Generously, they are willing to spend time and money to drag Tritown into the
21st century, where every shop is in a mall, and every business a franchise.
During the past several years, Tritown has gained a couple of national
hamburger chains, a franchise muffler repair, and a chain hardware store. Yet,
somehow, the Dawg Pound, Tarbox Automotive ("Collisions? A specialty"), and
Timms's Toolbox survive.
But for how long? This summer, a national doughnut chain, the Whole Donut,
announced plans to build an outlet in Tritown. Already, a large neon doughnut
has risen above a cinderblock store. Some in town are looking forward to the
cake-style doughnuts with infantile but enticing names like Gooey Bluey and
Cha-cha Choklit. Others are loyal to Happy's Coffee & Qwik-Stop (30 kinds
of doughnuts, 20 kinds of lottery tickets, one kind of coffee), but will they
be for long?
Happy pretends the Whole Donut is just a grim mirage, but $erena is bizarrely
hopeful. "Look," she says. "Everyone knows my dad's doughnuts are the best, and
we've still got the hospital contract. I've heard the Whole Donut underprices
until the competition is gone, and then charges nearly a buck a doughnut. No
one in Tritown is gonna pay a buck a doughnut."
Hollis and Delia agree that $erena's optimism must come from a combination of
pre-wedding nerves, sleep deprivation, and the fumes from administering too
many tight permanents at her cousins' hairdressing parlor, the T 'n` T Beauty
Salon. She actually messes up their order when she plants a bearclaw in front
of Delia and gives the Diet Watcher Doughnut to Hollis. (This is made with skim
milk instead of cream, but at Happy's, diet watching is relative.)
Delia is is planning a visit to Timms's Toolbox to buy a new six-jack outlet,
and Hollis hopes to go along because, well, he just likes hardware stores. He
may like to keep the Mountain Lair unsullied by modern appliances, but he can
usually be beguiled by a brass hinge or porcelain drawer knob.
"I can't believe their doughnuts or their coffee is gonna be better than
Happy's," says Hollis, chewing thoughtfully.

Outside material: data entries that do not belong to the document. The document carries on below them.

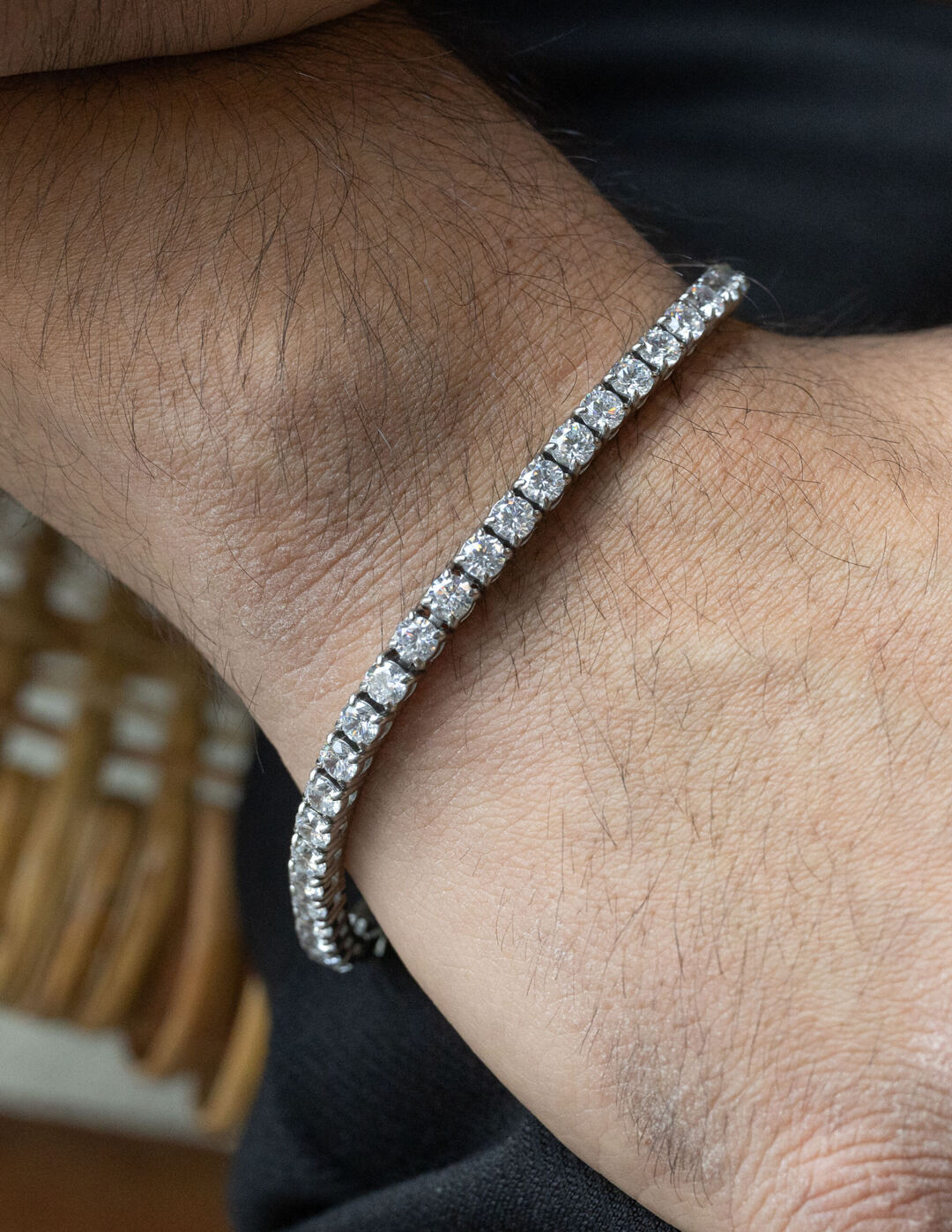 Tennisarmband Edelstahl 316L antiallergisch, Zirkonia Steine (triple A Qualtiät) Ø 4mm, gefassst mit Mikrocasting, Breite 4mm, Verschlusserweiterung mit Zirkonia Stien 19-21cm
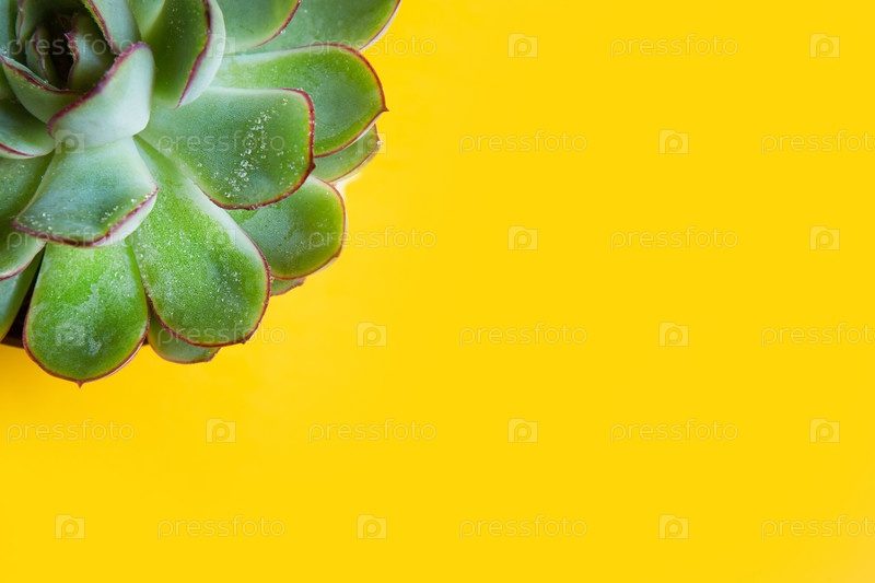 Эхеверия в горшке на желтом фоне. Комнатное растение, зеленый дом, суккулент – символ гармонии. Уход за комнатными растениями
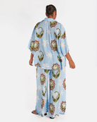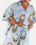 The Moon Flower print is a hand drawn design by Art by Saint, featuring whimsical flowers and stars scattered across a rich blue base. Finished with white, green and maroon accents, it is playful, wearable and just the right amount of special.

"You never know," says Delia. "Remember how Happy spaced out when $erena was at
cosmetology school? The jimmies were skimpy, and the frosting started to run. I
don't like the idea of national businesses horning in on Tritown either, but
there is something to be said about standardization."
"Perfect," mutters Hollis. "Cookie-cutter doughnuts and cookie-cutter lives.

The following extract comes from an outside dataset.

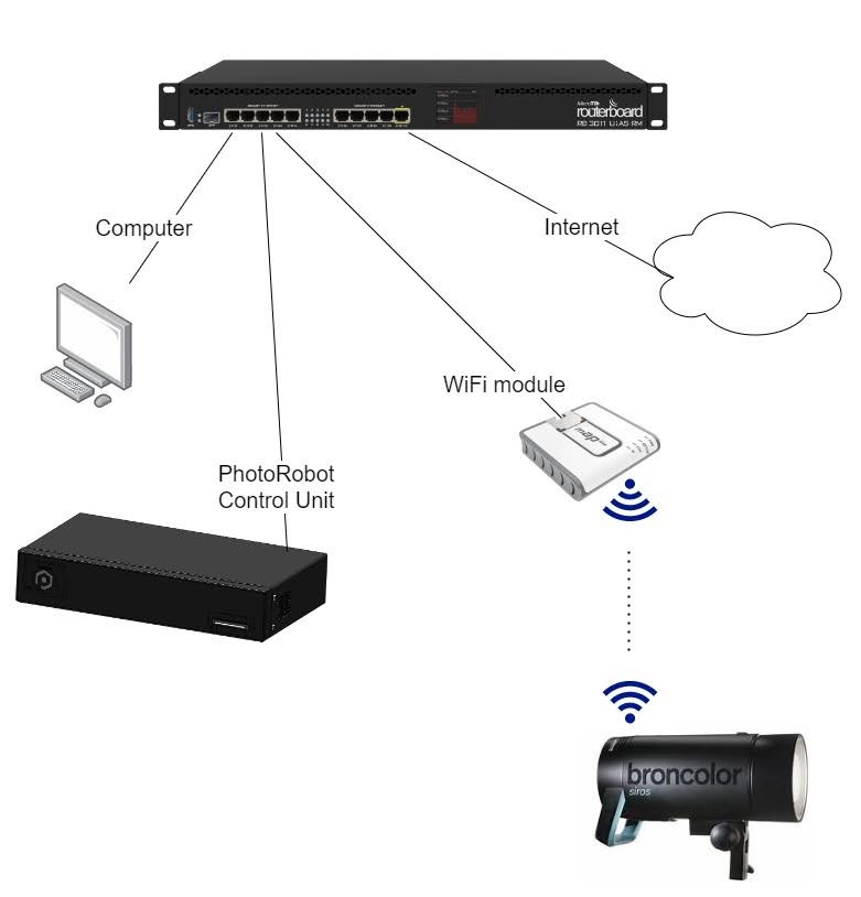Use the following map on the connection scheme for Broncolor flashlights, keeping in mind that the router type can vary. Note: Refer to PhotoRobot - Broncolor Lights Management for details on related hardware and software components necessary for use with PhotoRobot.

Why can't they just leave Tritown alone?"
"They mostly did," says Delia. "The state highway missed us by three towns, and
our population just gets older, grayer, and sparser. Hey, even you complain
about how long it takes to deliver Tri'd 'N` Tru Chips on your driving days."
At this Hollis is silent. Modern versus ancient really is the question of the
era, especially with the millennium looming. Hollis and his clan have lived
with one boot in the 19th century, the other hesitantly planted in the 20th.

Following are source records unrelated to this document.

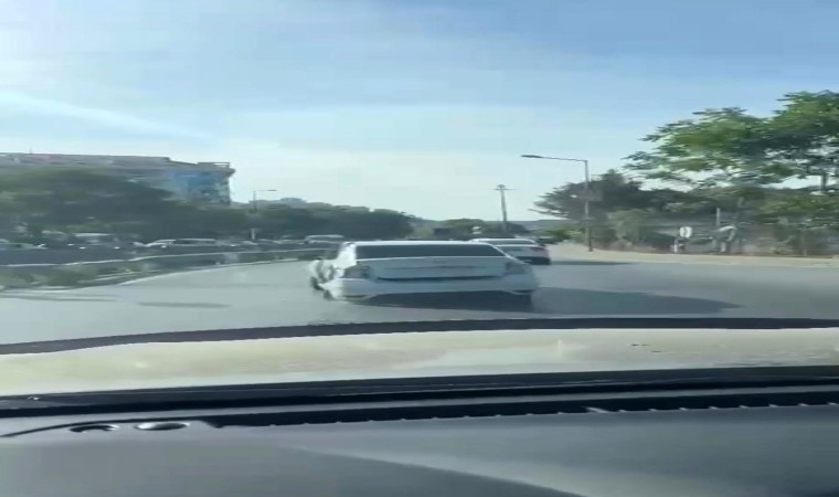 Geçtiğimiz günlerde Kağıthane Güzeldere Caddesi’nde yaşanan olayda bir sürücü, ağır hasarlı kazalı aracıyla trafikte seyir halinde ilerlerken görüldü. Aracın yan bir şekilde ilerlemesi ise caddede bulunan trafiği tehlikeye düşürdü. Ayrıca aracın seyir halindeyken plakasız olduğu da dikkatlerden kaçmazken, her kasisten geçişte bagajının açılması da ortaya ilginç görüntüler çıkardı. Diğer sürücüler kendi canlarını tehlikeye atmamak için hasarlı araçtan uzaklaşmaya çalışsalar da caddenin daralan yollarında birkaç kez ciddi şekilde kaza tehlikesi atlattıldı. Görenlerin bu kadarı da ‘pes’ dediği olayı bir başka sürücü cep telefonu kamerasıyla saniye saniye kaydetti.
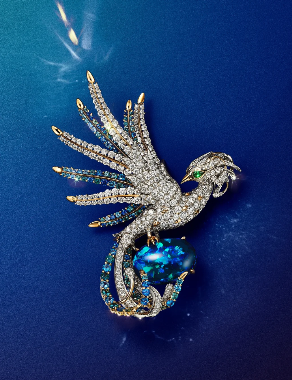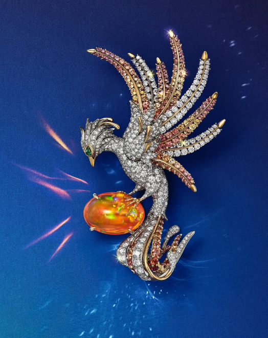 作为 “百鸟之王”的凤凰,即便并非真实存在的生灵,却是鸟类主题珠宝中绝不可缺席的经典符号。
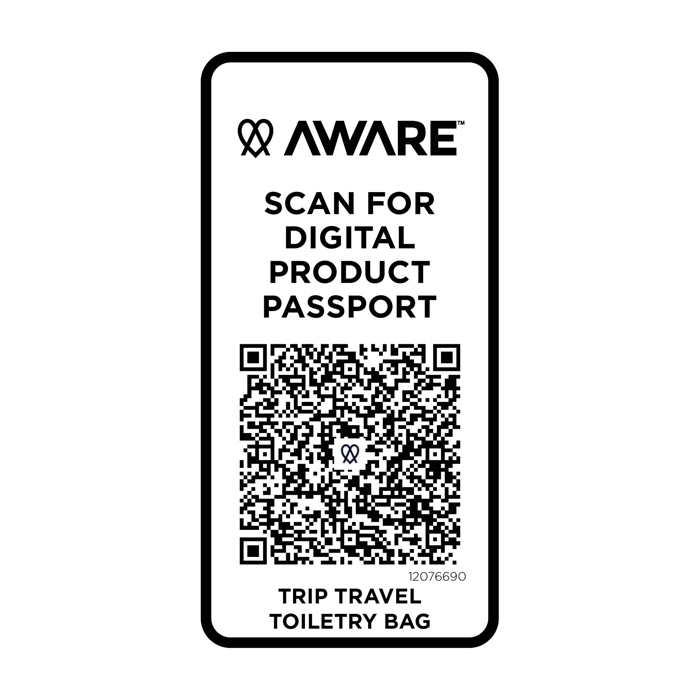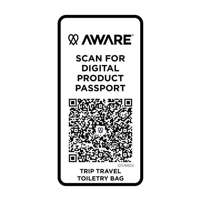 Il beauty case da viaggio in materiale riciclato è compatto e strutturato progettato per mantenere in ordine gli oggetti personali durante i viaggi. Realizzato in twill di poliestere 290D con pannello posteriore tessuto a maglia e foderato in PET riciclato 210D/PU, presenta un design lineare con pratici scomparti. Lo scomparto principale comprende una tasca interna con zip per gli oggetti più piccoli, mentre lo scomparto inferiore a conchiglia tiene separati gli oggetti essenziali per un accesso più facile ed una migliore organizzazione. Ogni borsa è inoltre dotata di un sistema di tracciamento Aware™. Questa funzione innovativa consente agli utenti di tracciare le origini e il percorso del loro articolo attraverso un codice QR, migliorando la trasparenza della catena di approvvigionamento e promuovendo un legame più forte tra il prodotto e il relativo processo di produzione. Capacità: 6 litri.
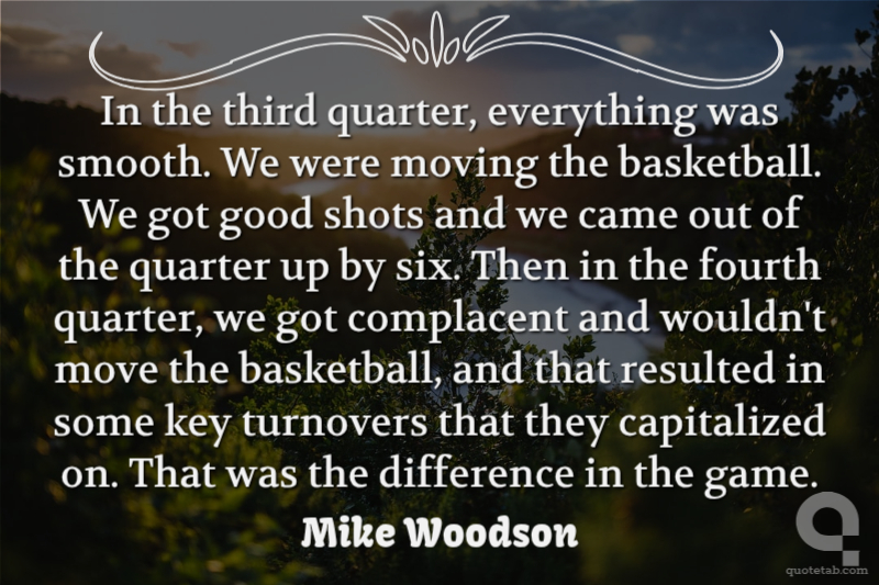 In the third quarter, everything was smooth. We were moving the basketball. We got good shots and we came out of the quarter up by six. Then in the fourth quarter, we got complacent and wouldn't move the basketball, and that resulted in some key turnovers that they capitalized on. That was the difference in the game.
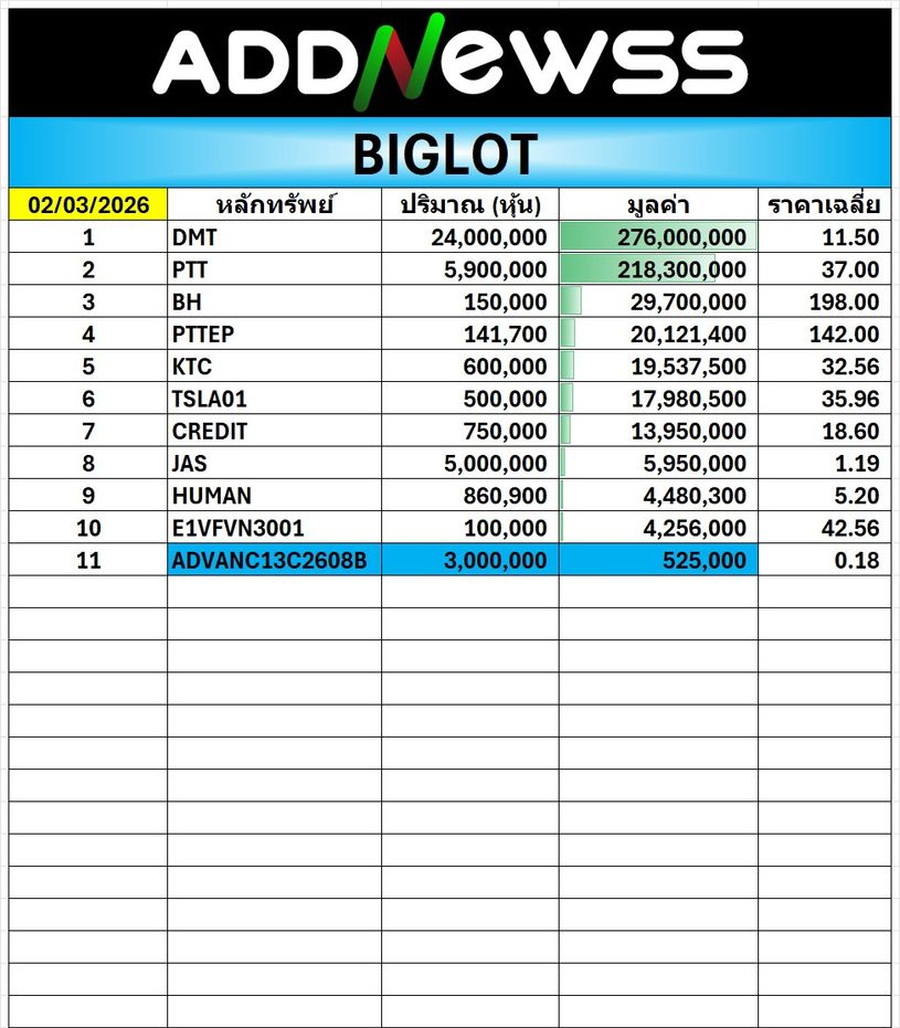 PTT : 🔻-0.25 ฿5,670,444,025

Until recently, you could dial anyone in town using just four digits, but in
the last few years their area code has changed twice -- and now they
wanted Tritown to eat mass-market marshmallow fake doughnuts. Next thing you
know, they'd want to fluoridate the water, or worse!
Delia finishes her doughnut before she notices that Hollis has stopped
responding to her comments. "Hollis," she says, waving a hand in front of his
face. "We better hit the hardware store."
Hollis doesn't hear. "I'm through with the 20th century," he says, rising to
his feet. "It's back to the previous ones, where a Mountain Man could be a
Mountain Man." He jingles his truck keys, and then stops, chagrined. It would
be nice to ride a pony back to the Mountain Lair, but that really would take an
hour or more.
And then $erena comes by with a fresh pot of java. "Nobody expects
perfection," she tells him. "And Happy's just put a batch in the fryer without
taking out the holes. You want some weird looking doughnuts that kinda
resemble the planet Saturn, just wait a couple minutes."
Hollis slides back into the booth. Sometimes change is funny.
Sally Cragin's ancestors spent two centuries in New Hampshire because it
never occurred to anyone there was anyplace better.